Our Elasticsearch 5 query is:

{
  bool: {
    should: [
      match_phrase("title", query),
      match_phrase("acronym", query),
      match_phrase("description", query),
      match_phrase("indexable_content", query),
      match_all_terms(%w(title acronym description indexable_content), query),
      match_any_terms(%w(title acronym description indexable_content), query),
      minimum_should_match("all_searchable_text", query)
    ],
  }
}

And the Elasticsearch 6 query we settled on is:

should_coord_query([
  match_all_terms(%w(title), query, MATCH_ALL_TITLE_BOOST),
  match_all_terms(%w(acronym), query, MATCH_ALL_ACRONYM_BOOST),
  match_all_terms(%w(description), query, MATCH_ALL_DESCRIPTION_BOOST),
  match_all_terms(%w(indexable_content), query, MATCH_ALL_INDEXABLE_CONTENT_BOOST),
  match_all_terms(%w(title acronym description indexable_content), query, MATCH_ALL_MULTI_BOOST),
  match_any_terms(%w(title acronym description indexable_content), query, MATCH_ANY_MULTI_BOOST),
  minimum_should_match("all_searchable_text", query, MATCH_MINIMUM_BOOST)
])

Here should_coord_query is a reimplementation of the query coordination factor-based scoring, using a function_score query. We also changed the match_phrase clauses in the Elasticsearch 5 query to match_all_terms clauses, and adjusted the field boosting factors.

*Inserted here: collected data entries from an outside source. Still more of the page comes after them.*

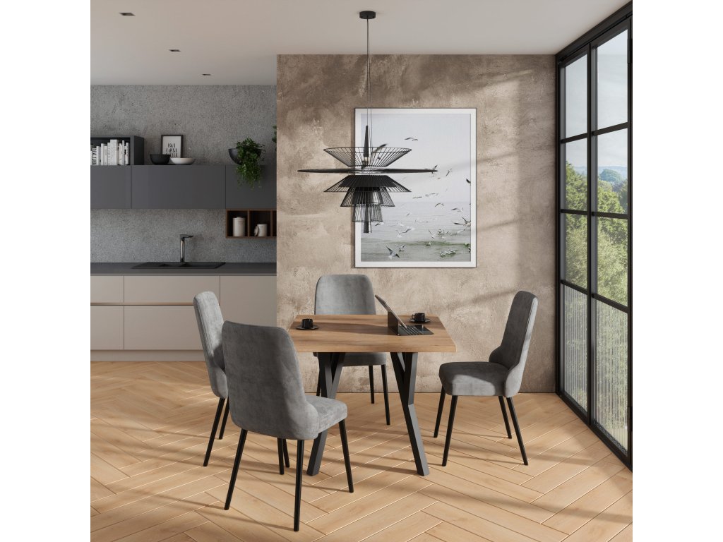 Rám i nožičky jsou vyrobeny z bukového dřeva v černé barvě. Na polský-nábytek.cz si můžete zakoupit i sestavu s jídelním stolem s čtyřmi židlemi. Barvu čalouněného potahu si můžete zvolit z mnoha odstínů látek, které naleznete níže.
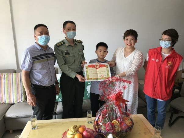 区人民武装部部长杨丛雄、区退役军人事务局龙金与高乾飞妻子孙辉亲切交谈,了解其工作和生活状况,感谢其对丈夫军人事业的支持,独自承担起家庭和生活的重担,付出比常人更多的艰辛。孙辉拿丈夫的喜报,满脸喜悦和自豪,她表示非常感谢党和政府对军属的关怀,无论任何时候,她都会做丈夫坚强的后盾,支持党和政府的工作。高乾飞一家三代都是军人,三代军人的妻子都是用军人的本色作为孩子学习的向导,教导孩子树立正确的人生观和价值观,忠于党和国家的事业,希望下一代也能入伍从戎、报效祖国。
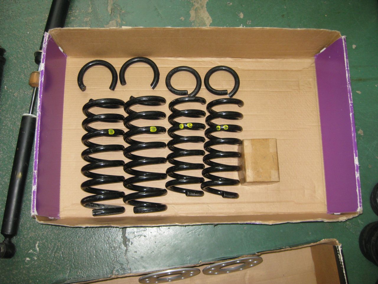 I will include a selection of spring pads with the cut springs. The fronts were perfect with dot 5 pads (included) the rears with dot 4 pads. Any questions?

We then ran the A/B test again, and found that the Elasticsearch 6 with the new query had a clickthrough rate within 3 percentage points of Elasticsearch 5 with the old query, and decided that this was good enough to go ahead with the switch.

Decomissioning Elasticsearch 5

The steps we followed to switch to Elasticsearch 6 permanently and to decomission Elasticsearch 5 were:

  1. Switch search-api to the B variant of the A/B test and disable the A cluster so no more indexing is done (PR #1713).
  2. Disable the A/B test in govuk-cdn-config (PR #203) and finder-frontend (PR #1611).
  3. Remove Elasticsearch 5 configuration from govuk-puppet (PR #9643).
  4. Remove Elasticsearch 5 from govuk-aws (PR #1123).

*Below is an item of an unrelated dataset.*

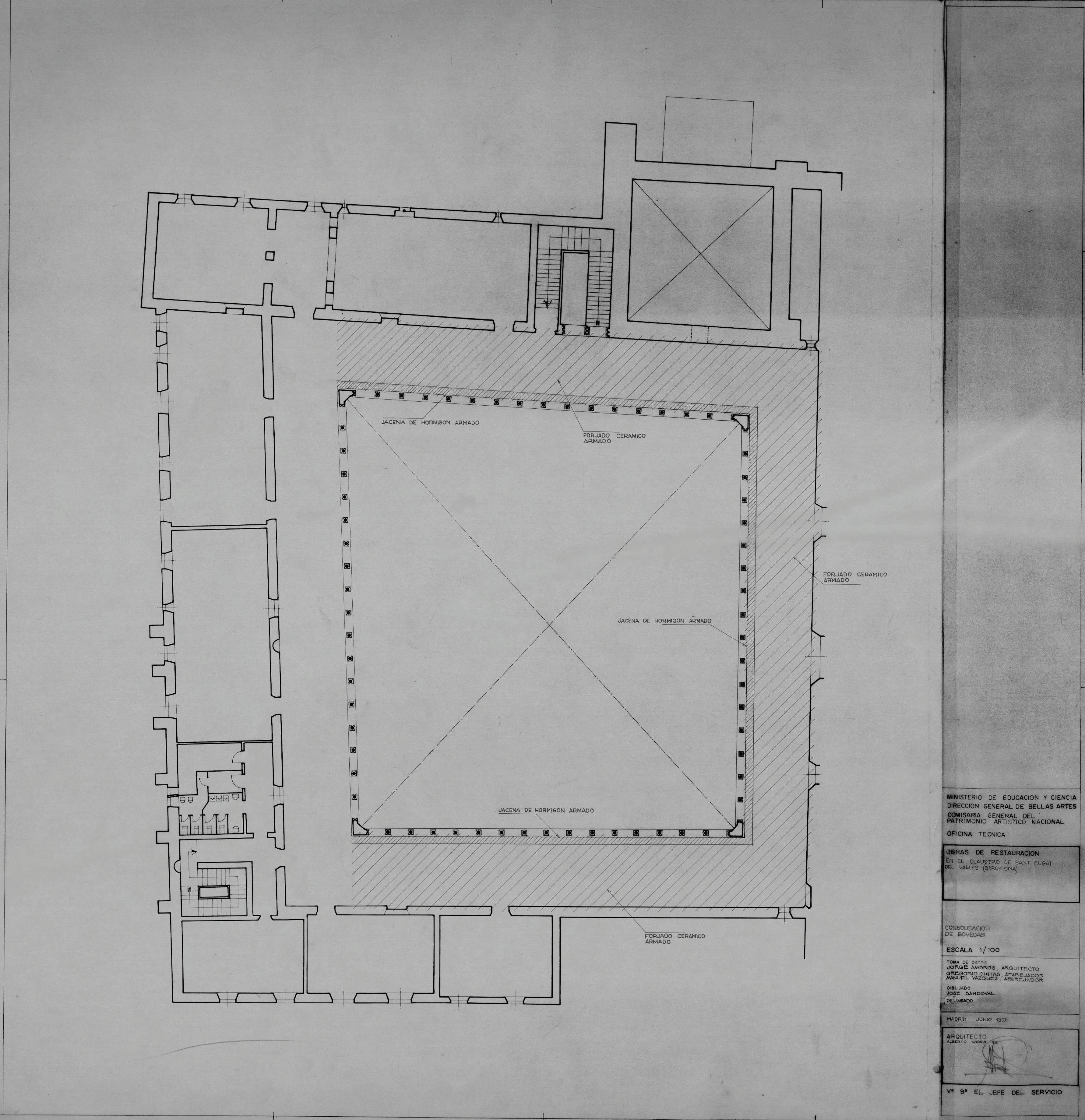 CLAUSTRO DE SAN CUGAT DE VALLES- BARCELONA-: PLANTA .CONSOLIDACION DE BOVEDAS. Este plano nos marca las distintas zonas de actuacion , materiales y elementos a consolidar.

We didn't want to be permanently using the "B" configuration, which required some care to change:

  1. Set the ELASTICSEARCH_URI environment variable to the same value as the ELASTICSEARCH_B_URI environment variable in govuk-puppet (PR #9648).
  2. Swap out the "B" cluster configuration for the "A" cluster configuration (PR #1718).
  3. Unset the ELASTICSEARCH_B_URI environment variable in govuk-puppet (PR #9649).

This approach avoided the need to coordinate simultaneous deploys of search-api and govuk-puppet.